Why I distrust using data only to prove a point.

In the global warming fiasco wars, there is so cotton picking much emphasis placed on trends. Headlines yell about how the temperature these days is so much warmer and how if this keeps up we are all gonna fry. Let me see if I can show you why I am so skeptical of these claims.
Data can be manipulated in so many ways. One of the easiest is by simply picking and choosing your data range. Now consider the following graph:

chart a

(Right click on chart and select open in another tab to see larger.)

This is a simple plot of the yearly temperatures at one of the coop weather stations from the year 1920 through 2013. As you can see there is nothing particularly exciting about it. If you look close the trend line (labeled linear value 1) is nicely flat. One might say that this chart shows that over the years, there is no sign of increasing or decreasing temps. They could say that as far as temperatures increasing goes, the trend is flat, or that the trend shows no increase in temperatures.
Now, consider this second chart:

chart b

What does this chart show? Well, to begin with it is the exact same data as the first chart. All I did was take that column of data in Excel and copy it two times. Then in the second column (value 2) I deleted the first twenty years worth of data. In the third column, I deleted all the way up until year 1960 (40 years data).
I put in trend lines for all chart series.

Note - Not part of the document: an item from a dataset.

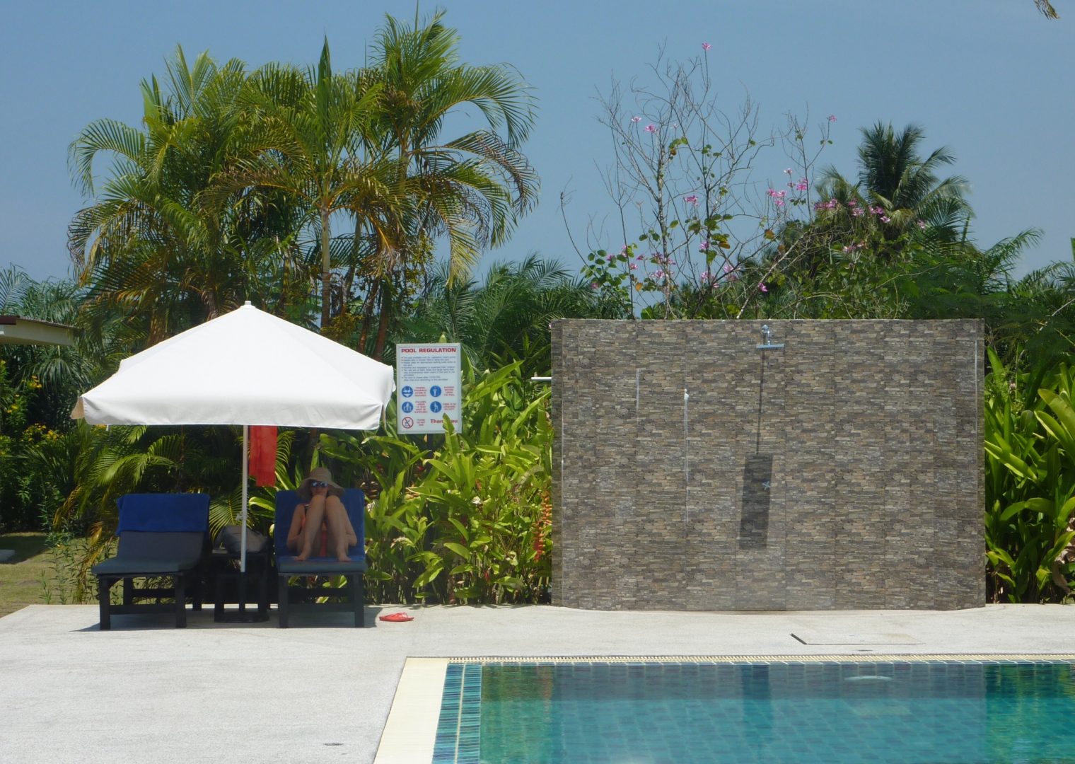 C’est le premier matin à Khao Lak (vendredi 2 mars 2018), ciel bleu et 34/35° exactement ce que l’on souhaitait. Comme on est arrivé tard hier soir (vers 22h00), on fait le check-in ce matin + location de scooter et rapidement quelques courses avec Louis (papayes, citrons verts, ananas et mangues pour midi et un peu d’eau) pendant que Marie-Anne et Évelyne vident les valises et rangent la chambre. Puis un petit tour à la piscine …

In the first series (value 1) the trend line is flat, just like the initial chart. In the second series, you see an increase of what, about 1 degree Fahrenheit? Something like that. In the case of the third series however, it is what, much closer to 3 degrees Fahrenheit.
Now understand, this is the exact same data repeated for a total of three times. The only difference is where I choose to begin the series.

How are any of these charts going to tell you what all is going to happen?  They are not going to. You see it is how you interpret that data tells you what is going on. But what this shows is how you can choose to display the data in a particular way as to what story it is going to tell.

chart c
Now I can get all excited and say that if the trend displayed in this above chart continues , we are all gonna fry, I say, FRY!

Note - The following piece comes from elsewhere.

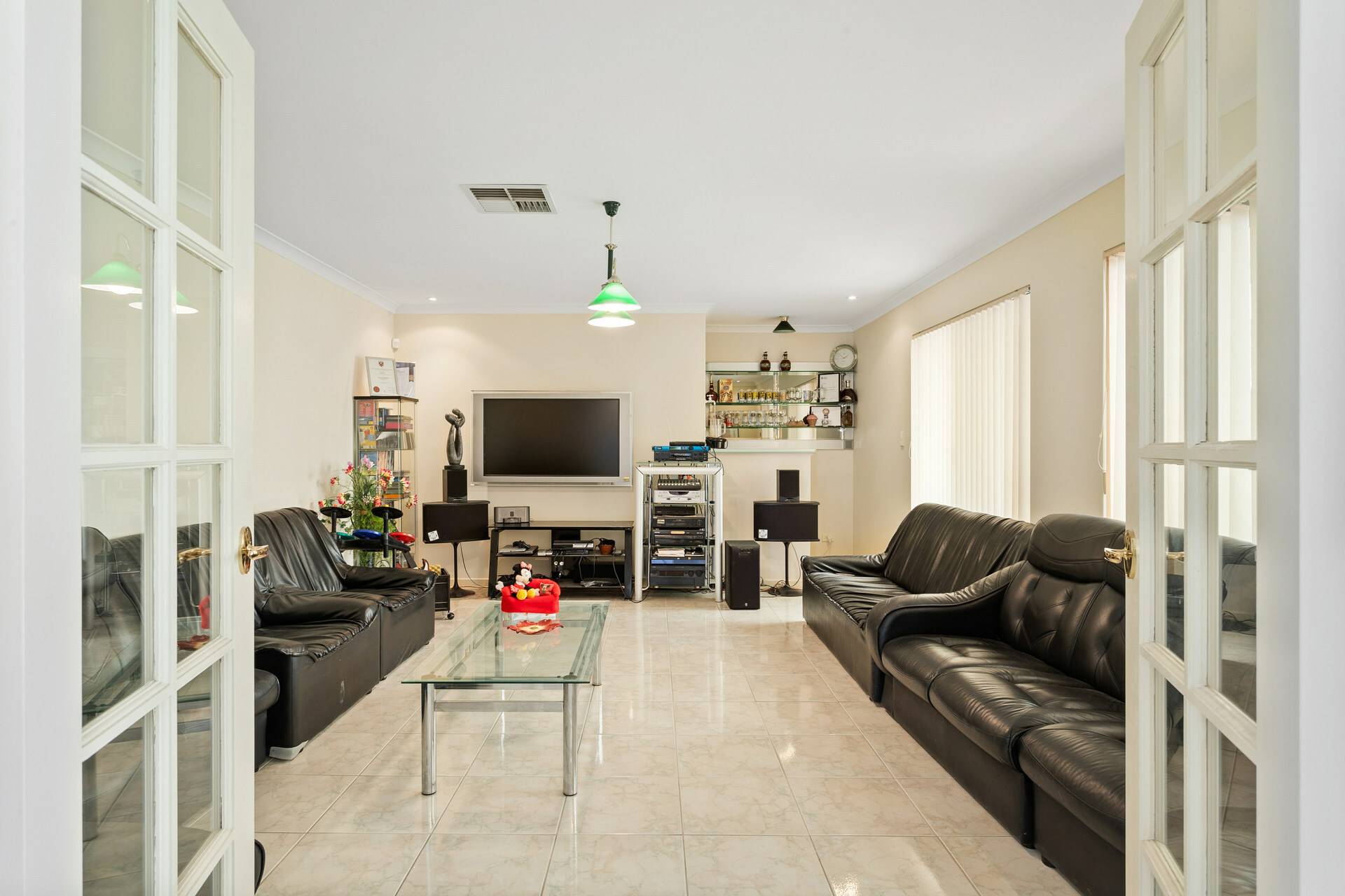 Games room with double glass doors coming off main living featuring a bar nook

Or I can say, no, go look at the first chart. There is nothing to worry about. There has been no major temperature change since 1920.
Take your pick. It is all the same data, simply presented a little differently.




2 thoughts on “Why I distrust using data only to prove a point.

  1. Yes, starting and ending dates are critical, especially when we are graphing something that has recurring cycle to it. If you start graphing your data at the high point of a cycle, then you are guaranteed to get a declining trend for all years until you reach the next high point, at which time you will have a momentary trend of zero — and then back to declining trends again. You can actually have a long-term stable periodic system that shows a negative (sometime large, sometime small, but always negative) trend 99.9% of the time if you always start your chart at the high point. Ditto positive trends that start at low points.

    Additionally, why do climate charts hardly ever have error bars on them? Isn’t that important? If we have a century’s worth of data, a trend of one degree warming per century, and an error bar of one and a half degrees, would we worry? I wouldn’t…

    And again, how much good does it do to show a chart based on an average of the daily high and low? Does that tell us much? Imagine two cities, one has a daily low of 60 degrees and a daily high of 80 degrees for an average of 70 degrees. Another city has a daily low of 30 degrees and a daily high of 110 degrees for an average of 70 degrees. Are the two cities equivalent in any meaningful way? The same principle applies with yearly averages; do yearly averages tell us anything useful about growing seasons, habitability, etc.? Suppose you have two cities, both with a low of 60 and a high of 80 for a 70 average. In one city the low temperature period lasts all night and most of the day with a very brief spike to 80. In the other, the opposite with a brief low of 60 and most of the day at 80. Again, are these two cities equivalent?

    Face it, the current reporting of so-called “climate science” is rigged to produce disaster sound bites. “Climate science” is not science — it is politics, and the lowest form of politics, it is propaganda, demagoguery, and fraud.


    • I agree and this is a lot of the problem with the way the issue is presented. I do believe that originally, those investigating were a lot better about how they analyzed the data. At first it was an effort to find out what was happening. Lately it is an effort only to demonstrate that the original hypothesis is not in error. Some people simply can never say, “Well, turns out this is a mistake.”

      That is the way it seems to me. What distresses me is the way they try and use the hype to get everyone so worried that they will not question what they are doing. I also believe it is starting to blow backup in their faces as more and more people are questioning it.

      As I say, Would like to see if someone can design a way to find the warming trend existing in the real world. Take, for example yesterday where I am. 4 pm, 79 degrees. 3 mph wind out of the north. Last few years, it would have been lucky to be 79 in the middle of the evening and instead of being 79 it would more likely have been 97 at 4 pm. So, what part of this day is because of global warming? It is just weather. This roll of the dice, it is a cool summer. Next year, it might be like this again, or it may go back to the way it was a couple of years ago. Normal ordinary climate variations, normal ordinary weather patterns.